* **Prompt**:
In the entries below, repeat only the lines between those holding "Durante las obras" and "Beaded Bracelet with", inclusive. Leave pictures out.

* **Source data**:
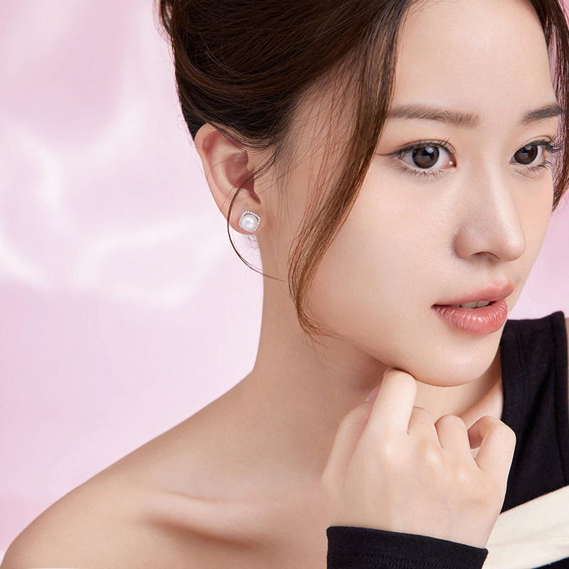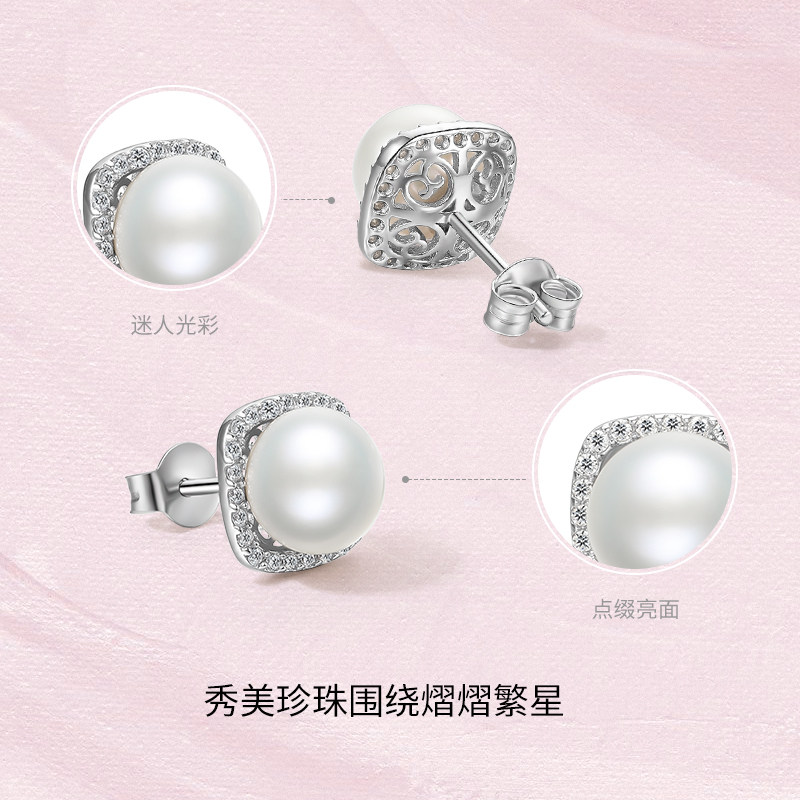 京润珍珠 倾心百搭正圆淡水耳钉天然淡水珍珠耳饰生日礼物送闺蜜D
==
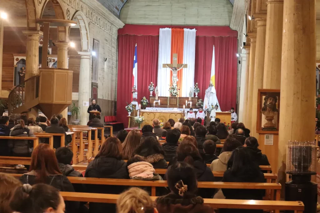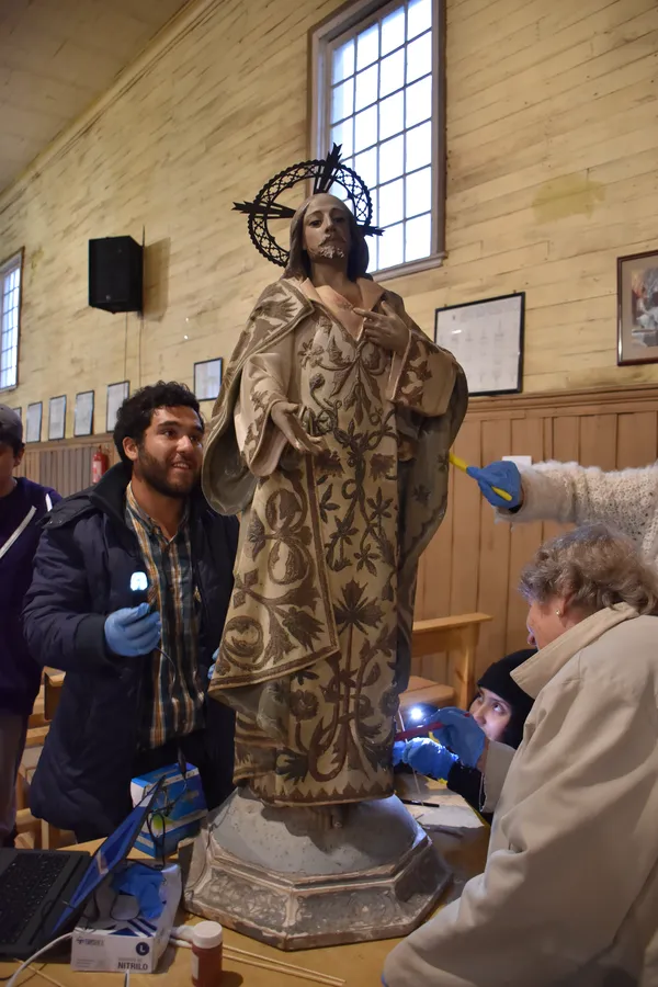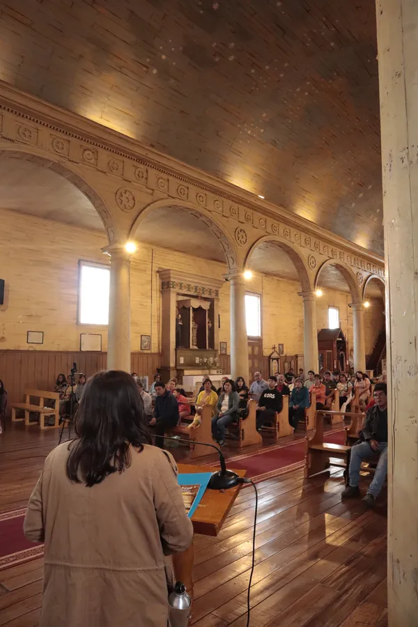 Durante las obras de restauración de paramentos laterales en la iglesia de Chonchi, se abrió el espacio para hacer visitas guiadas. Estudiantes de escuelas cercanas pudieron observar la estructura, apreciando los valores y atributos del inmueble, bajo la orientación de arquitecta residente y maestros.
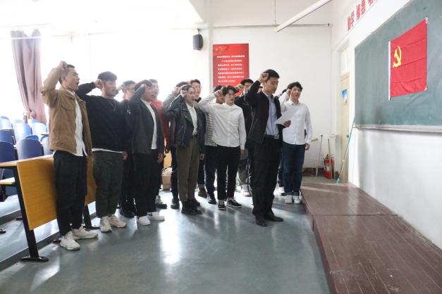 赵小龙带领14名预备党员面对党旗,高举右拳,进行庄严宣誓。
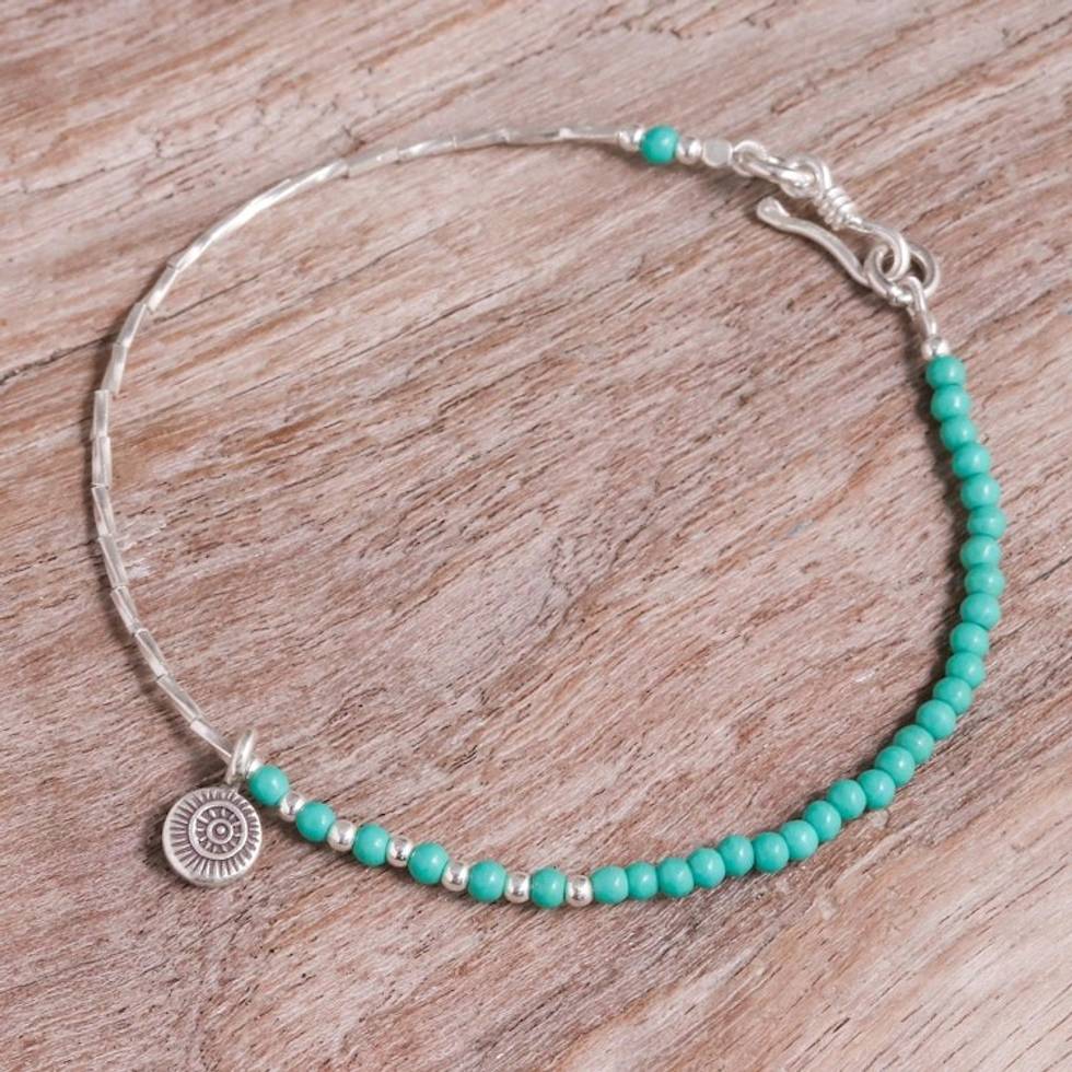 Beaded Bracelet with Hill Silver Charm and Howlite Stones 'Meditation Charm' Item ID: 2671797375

* **Answer for the task**:
 Durante las obras de restauración de paramentos laterales en la iglesia de Chonchi, se abrió el espacio para hacer visitas guiadas. Estudiantes de escuelas cercanas pudieron observar la estructura, apreciando los valores y atributos del inmueble, bajo la orientación de arquitecta residente y maestros.
 赵小龙带领14名预备党员面对党旗,高举右拳,进行庄严宣誓。
 Beaded Bracelet with Hill Silver Charm and Howlite Stones 'Meditation Charm' Item ID: 2671797375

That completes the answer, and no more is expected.